Zweitens ist die Lebenshaltungskostenkrise in Deutschland mindestens so schlimm wie in Großbritannien. Die deutsche Presse ist voll von Geschichten über Rekordinflation und drohende Rezession. Steigende Armut war bereits 2021 ein großes Problem, deutsche Tafeln (ja, die haben sie auch) haben damit zu kämpfen. Aber 2022 sieht viel schlimmer aus.

Auch die französische Wirtschaft steckt in Schwierigkeiten. Dies wird insbesondere viele britische Fans von Frankreichs eher interventionistischem Vorgehen während der Energiekrise enttäuschen.

Zum Beispiel hat unser eigener TUC schnell die Ankündigung dieser Woche begrüßt, dass die französische Regierung beabsichtigt, das Energieunternehmen EDF vollständig zu verstaatlichen, nachdem sie die „Aktionäre“ gezwungen hatte, die Preise niedrig zu halten.

Der französische Staat besaß jedoch bereits über 80 % des Unternehmens, sodass mit „Aktionären“ hier eigentlich die Franzosen und insbesondere die Steuerzahler gemeint sind. Die Regierung hat das Unternehmen auch mit enormen Kostenüberschreitungen, massiven Schulden, Fabrikschließungen und Stromausfällen ausgelöscht. Es ist kein Modell, das jemand bei klarem Verstand empfehlen würde.

Es bleibt also bei diesen Prognosen des IWF und der OECD. Das sind nur Prognosen. Und angesichts all der Ungewissheiten bin ich mir nicht sicher, ob ich sie mehr als Projektionen nennen würde.

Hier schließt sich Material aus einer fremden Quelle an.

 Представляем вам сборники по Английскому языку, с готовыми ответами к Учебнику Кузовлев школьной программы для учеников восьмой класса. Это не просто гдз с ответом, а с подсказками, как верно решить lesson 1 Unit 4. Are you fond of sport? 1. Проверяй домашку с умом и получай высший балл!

Es ist auch einfach, Fehler und Inkonsistenzen zu finden. Beispielsweise geht die OECD davon aus, dass das britische BIP ab dem zweiten Quartal dieses Jahres stagnieren wird, aber die deutsche Wirtschaft wird sich erholen und erfreulicherweise wieder anziehen – trotz zunehmender Beweise für das Gegenteil.

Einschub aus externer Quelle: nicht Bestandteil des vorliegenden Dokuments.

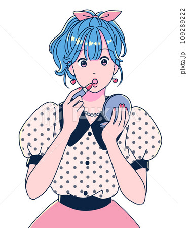見上げながら感心する、少女まんが風のお姉さんイラスト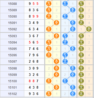 从综合走势图来看,上期开出组六,出奖号为936。综合走势图分析,最近几期0路数字出现的次数较多,推荐关注下0路数字。1号球已经短暂遗漏15期,本期可适当防守1号球。3号球上上期开奖号,最近几期走势比较热拖号情况常常出现,本期看好3号球的开出。4号球是隔期号,还是上期开奖号3号的临码,本期看好3号球的开出。8号球是隔期号,还是上期开奖号9号的临码,看好8号球的开出。另外,6号球的和7号球的走势较热,5号球的走势偏冷。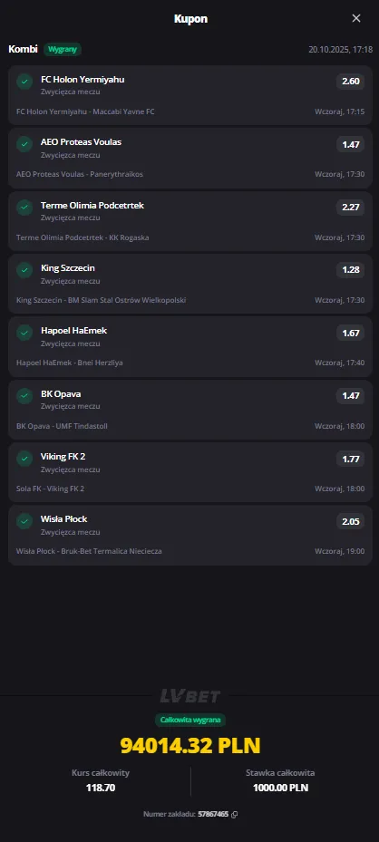 Zakład akumulowany, popularnie nazywany „AKO”, przyniósł klientowi LVBET wygraną w wysokości 94 014,32 złotych. Podstawą do tego osiągnięcia była relatywnie wysoka stawka 1000 złotych, która została pomnożona dzięki trafieniu wszystkich ośmiu zdarzeń na kuponie.

Das bedeutet natürlich nicht, dass in Großbritannien alles rosig ist. Offensichtlich ist dies nicht der Fall. Es wäre auch falsch, sich über das Unglück anderer zu trösten.

Aber was im übrigen Europa – und in den USA – passiert, ist ein wichtiger Kontext für die Probleme in Großbritannien. Wenn Sie genau hinschauen, sind lokale Medien in anderen Ländern mindestens so negativ über ihre eigene Wirtschaft wie ein Großteil des britischen Establishments über unsere.